Notice that weird things happen when the source moves toward the listener at the speed of sound. This equation breaks down for sources approaching at mach1 or higher, we'll examine this more in the doppler shift modeling snack.
So using the basic equation relating wavelength and frequency we find
v = Lf so f = v/L
f = f0/(1-+v/Vs)
Derive it yourself!
Notice that here there is a division rather than a multiplication.
So the moving source and the moving receiver have two different equations for the perceived frequency.
Now when the speed of the source is small compared to the speed of sound then we can use an approximation.
1/(1+e) = 1 - e when e is small, approximately
1/1.1 = 0.9 approximately
so for small velocities
The frequency heard by the receiver is higher by the same equation as above.
f = f0(1-+v/Vs)
You can then figure out what happens when the source moves away from the listener.
(You can view an animation of the waves spreading
out from a moving source here.
We summarize the above equations by writing f = f0(1+-v/Vs) where the user has to reason out whether to use the + or the - in the equation.
Notice that is v is 10% of Vs then the frequency changes by 10%, this is a very useful shorthand.
For small velocities you can use the relative velocity of the source and the receiver in one equation. However for larger velocities you must use the exact equations and not the approximations.
Assume Vs = 350 m/s
1. What is the frequency heard by a stationary observer from a 1000 Hz source moving at 35 m/s toward the observer?
2. What is the frequency heard by an observer moving toward the stationary 1000 Hz sound source at 35 m/s?
3. What is the frequency heard by an observer moving east at 35 m/s toward a 1000 Hz sound source that is moving west at 35 m/s?
4. Repeat the above calculations if the speed in
each case is 315 m/s so that v/Vs = 0.9?
Do you get the same answer for the frequency if you use the relative velocity of 630 m/s in one Doppler equation with the relative velocity rather than using two separate equations one for the moving source and one for the moving listener?
5. A person goes to echo cliff. They drive toward the cliff at 35 m/s blowing the 1000 Hz horn on their car. What frequency do they hear echoing from the cliff?
6. In the exhibit the highest speed is about 20 m/s (measure this yourself) what is the percentage increase in sound frequency as the source approaches you compared to the source at rest?
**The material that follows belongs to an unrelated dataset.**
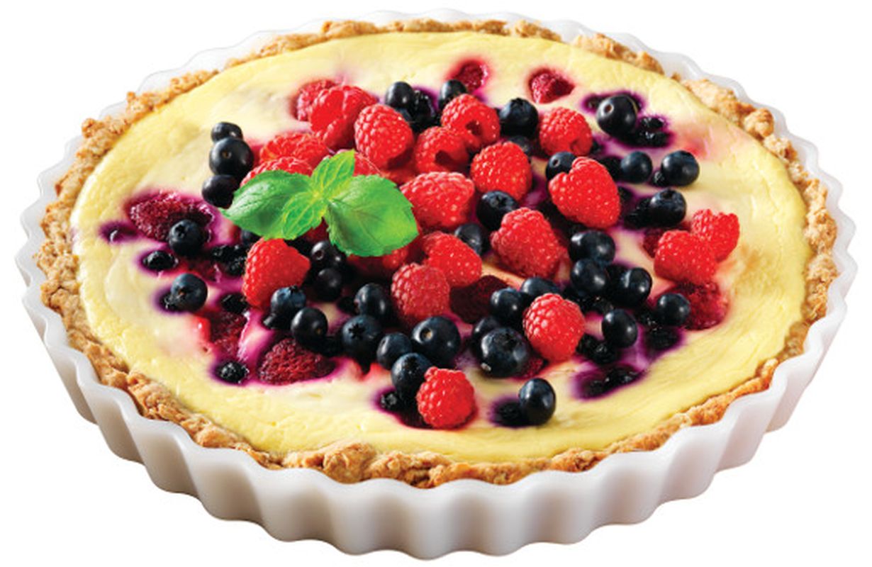 - Levitä marjat piiraspohjalle. Sekoita keskenään maitorahka, muna ja sokeri. Kaada seos marjojen päälle. Paista uunin alaosassa 200-asteisessa uunissa noin 25–30 minuutin ajan.

What is the percentage decrease as the source moves away compared to the frequency at rest?
There is also a Doppler shift for light.
Where the speed of light, c, replaces the speed of sound.
However, the equation for the Doppler shift for light includes an extra term due to time dilation in special relativity.
f = f0(1+-v/c)/(1-v^2/c^2)^0.5
Since blue light has higher frequency and red light a lower frequency the Doppler the Doppler shift for light is often called a blue shift if the frequency of the light is increased by the motion of the source toward the receiver and called a red shift if the motion is away.